The clean energy revolution is facing an old enemy again. Just as clean alternatives to fossil fuels pick up speed, they confront a powerful old nemesis: oil, now cheaper than ever. Petroleum prices have plummeted since late summer 2014, declining by more than 60% to a record low below $40 per barrel, before recovering slightly. low oil prices could constitute a threat to electric car companies such as Tesla, which may sell fewer vehicles when conventional cars are cheaper to operate than they otherwise would be. People tend to be pragmatic and vote with their wallets more often than their consciences; when oil becomes cheaper, the demand for alternative fuels, including biofuels and electric vehicles, falls. Even worse, the support for policies that push for the use of such alternatives also can decline. Policies set in Washington and at the state level can cause politicians enthusiasm for clean energy technologies and more stringent fuel economy standards to ebb. This may also result in a decline in government tax credits for wind and solar, which could render these sources of energy less cost competitive with natural gas-generated electricity. For example, the astounding drop in the cost of rooftop solar panels in recent years is aided by a 30% federal tax credit that expires in 2016. Without the credit, the cost calculations of many families may change. There is a huge policy piece in here Hence there’s a lot at stake when cheaper oil robs alternative energy of customers and political support. On the flip side major policy change could also greatly expand the use of renewable energy nationwide is the federal administration’s Clean Power Plan, which would reduce greenhouse gas emissions through EPA-mandated cuts to power plant emissions, while offering states incentives to meet requirements by expanding clean energy. According to the Energy Information Administration, these regulations could result in 283 gigawatts of cumulative additions of renewable electricity generation capacity through 2040, compared to only 109 gigawatts without the plan. The plan is being challenged in the courts, but if it survives largely intact, it could maintain renewable energy growth despite a continued slump in oil prices.

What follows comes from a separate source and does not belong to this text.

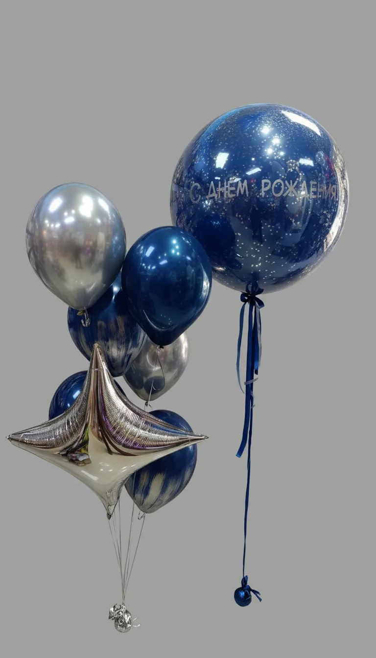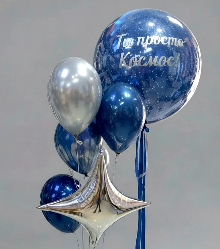 В составе: шар Бабблс 36"/91 см (внутри цветной шар и конфетти), надпись на шаре, 4 шара Дабл Стафф (шар в шаре) 14"/35см, 2 латексных шара с дизайном 14"/35см, 1 фольгированная четырехконечная звезда 31"/79 см. Шарики доставляются в транспортировочном пакете и на грузиках.
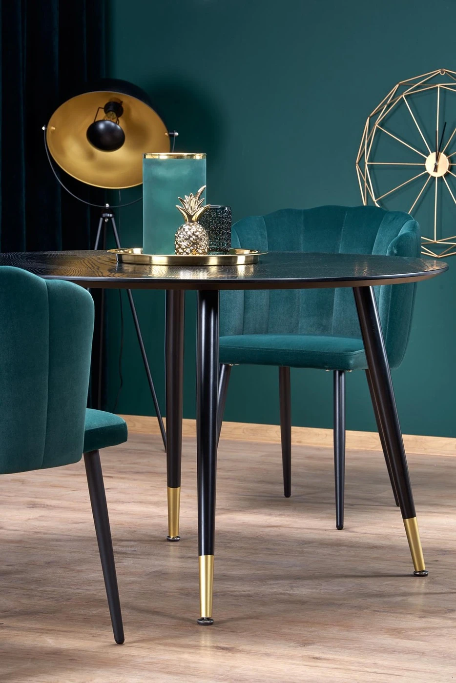 matmenys: o120/75 cm, medžiaga: lakuotas MDF / milteliniu būdu dažytas plienas / chromuotas plienas, spalva: viršus - juoda, kojos - juoda / auksinė

But the clean energy Industry is on the march, from rapidly expanding distributed solar installations to wind turbines that have been sprouting up like summer corn among the fields of Iowa and Nebraska. Today, America is number one in wind power, generating three times as much wind energy as we did in 2008. Renewable energy use grew an average of 5% per year during the period from 2001 to 2014, with major growth seen in wind and solar in particular, the Energy Information Administration, or EIA, reported. Renewable energy accounted for nearly 10% of the energy Americans used in 2014 the highest usage since the 1930s, when many people still burned wood for heat. According to the White House, the wind industry now supports more than 50,000 jobs in the U.S., and supplies enough energy to power 16 million homes. As well as we’re doing in wind, we’re also making even more progress on solar. America generates 20 times as much solar power as we did in 2008 imagine 20 times the growth in less than 7 years. Last year was solar’s biggest year ever. Prices fell by 10%; installations climbed by 30%. Every three minutes, another home or business in America goes solar. Every three weeks, we install as much solar capacity as we did in all of 2008. . It is important to note that cost savings is not the only motivator for people to purchase electric vehicles, given that they have other advantages over conventional cars, like faster acceleration and a prestige factor that is hard to measure. The federal administration, for its part, is also determined to push for continued government support for clean energy that help many innovations.
In short even against all odds the love and romance for clean tech is still in the air and if this growth continues the oil based culture we see today may go to the way of horse carriages or firewood. Maybe this adverse pressure from oil may propel the clean tech to be leaner meaner and efficient.